# [EXERCISE DATA]
╭──

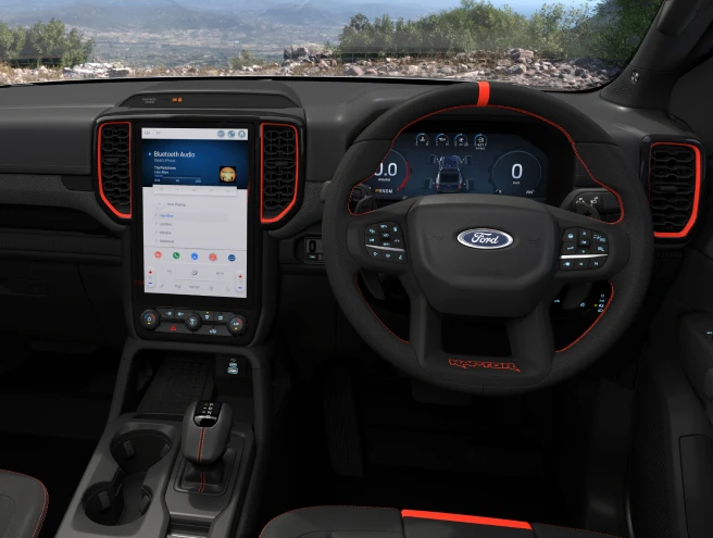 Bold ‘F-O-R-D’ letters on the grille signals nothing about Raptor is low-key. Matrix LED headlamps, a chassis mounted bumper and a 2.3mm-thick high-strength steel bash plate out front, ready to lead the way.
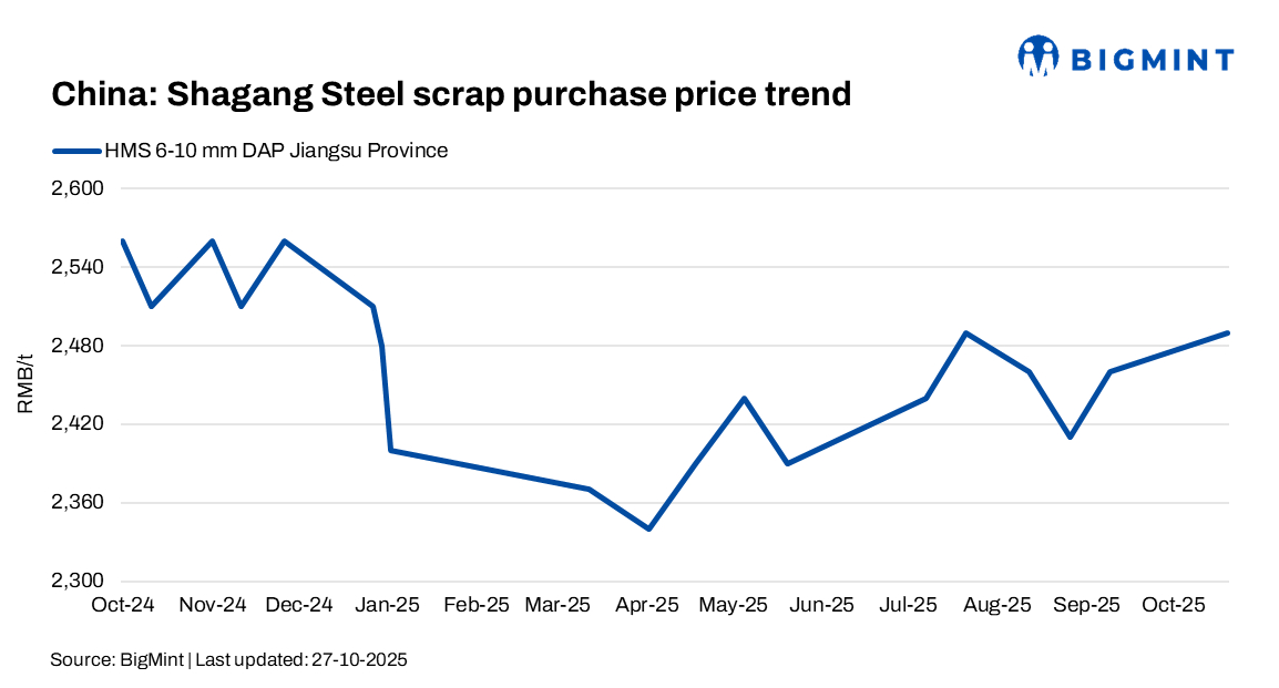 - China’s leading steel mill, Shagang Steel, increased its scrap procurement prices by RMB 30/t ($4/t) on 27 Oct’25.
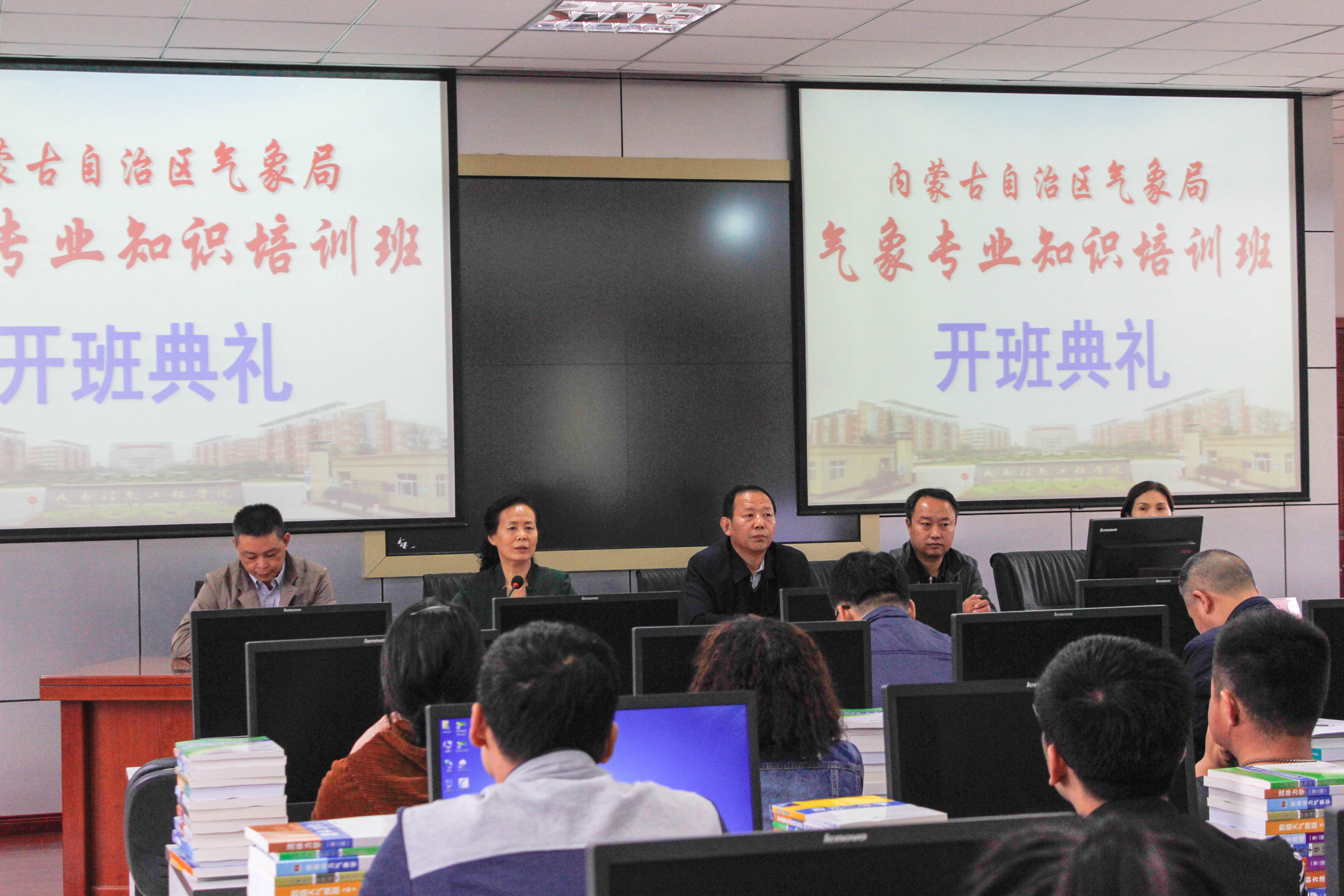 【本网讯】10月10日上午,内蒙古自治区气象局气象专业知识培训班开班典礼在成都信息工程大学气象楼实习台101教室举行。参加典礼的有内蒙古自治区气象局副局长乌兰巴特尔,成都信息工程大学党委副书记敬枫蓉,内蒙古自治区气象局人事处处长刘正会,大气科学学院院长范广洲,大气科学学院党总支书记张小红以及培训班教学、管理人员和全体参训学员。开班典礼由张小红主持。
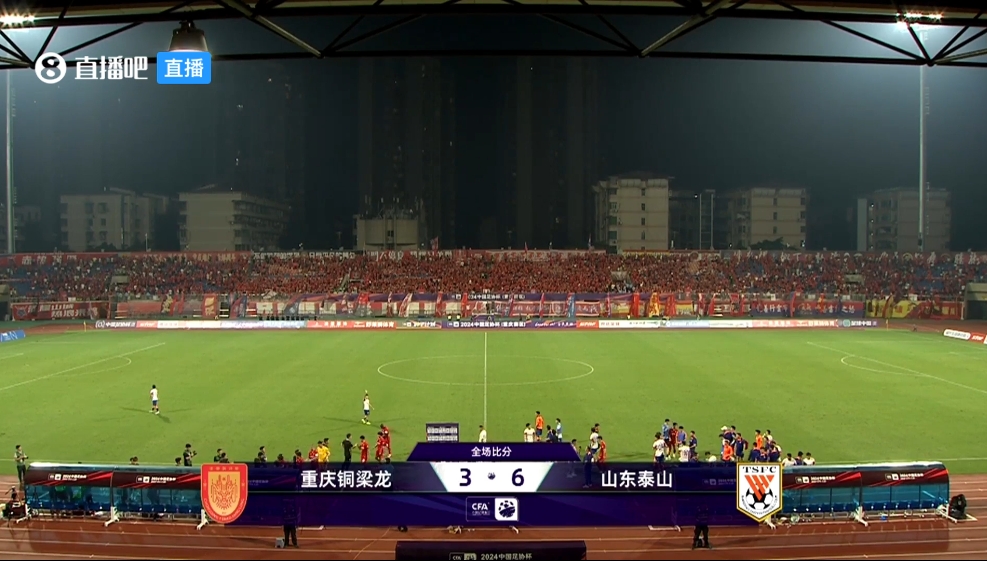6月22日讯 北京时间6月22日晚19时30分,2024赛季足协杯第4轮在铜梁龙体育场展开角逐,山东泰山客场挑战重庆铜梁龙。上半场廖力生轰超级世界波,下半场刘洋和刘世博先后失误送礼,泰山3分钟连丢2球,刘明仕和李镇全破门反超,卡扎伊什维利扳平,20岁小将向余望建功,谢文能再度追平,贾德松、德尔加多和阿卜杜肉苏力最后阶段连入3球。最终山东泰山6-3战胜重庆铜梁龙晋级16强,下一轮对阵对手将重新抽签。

╰──

# [TASK REQUIREMENTS]
Print the listing word for word, but omit the pictures.

# [TASK SOLUTION]
 Bold ‘F-O-R-D’ letters on the grille signals nothing about Raptor is low-key. Matrix LED headlamps, a chassis mounted bumper and a 2.3mm-thick high-strength steel bash plate out front, ready to lead the way.
 - China’s leading steel mill, Shagang Steel, increased its scrap procurement prices by RMB 30/t ($4/t) on 27 Oct’25.
 【本网讯】10月10日上午,内蒙古自治区气象局气象专业知识培训班开班典礼在成都信息工程大学气象楼实习台101教室举行。参加典礼的有内蒙古自治区气象局副局长乌兰巴特尔,成都信息工程大学党委副书记敬枫蓉,内蒙古自治区气象局人事处处长刘正会,大气科学学院院长范广洲,大气科学学院党总支书记张小红以及培训班教学、管理人员和全体参训学员。开班典礼由张小红主持。
6月22日讯 北京时间6月22日晚19时30分,2024赛季足协杯第4轮在铜梁龙体育场展开角逐,山东泰山客场挑战重庆铜梁龙。上半场廖力生轰超级世界波,下半场刘洋和刘世博先后失误送礼,泰山3分钟连丢2球,刘明仕和李镇全破门反超,卡扎伊什维利扳平,20岁小将向余望建功,谢文能再度追平,贾德松、德尔加多和阿卜杜肉苏力最后阶段连入3球。最终山东泰山6-3战胜重庆铜梁龙晋级16强,下一轮对阵对手将重新抽签。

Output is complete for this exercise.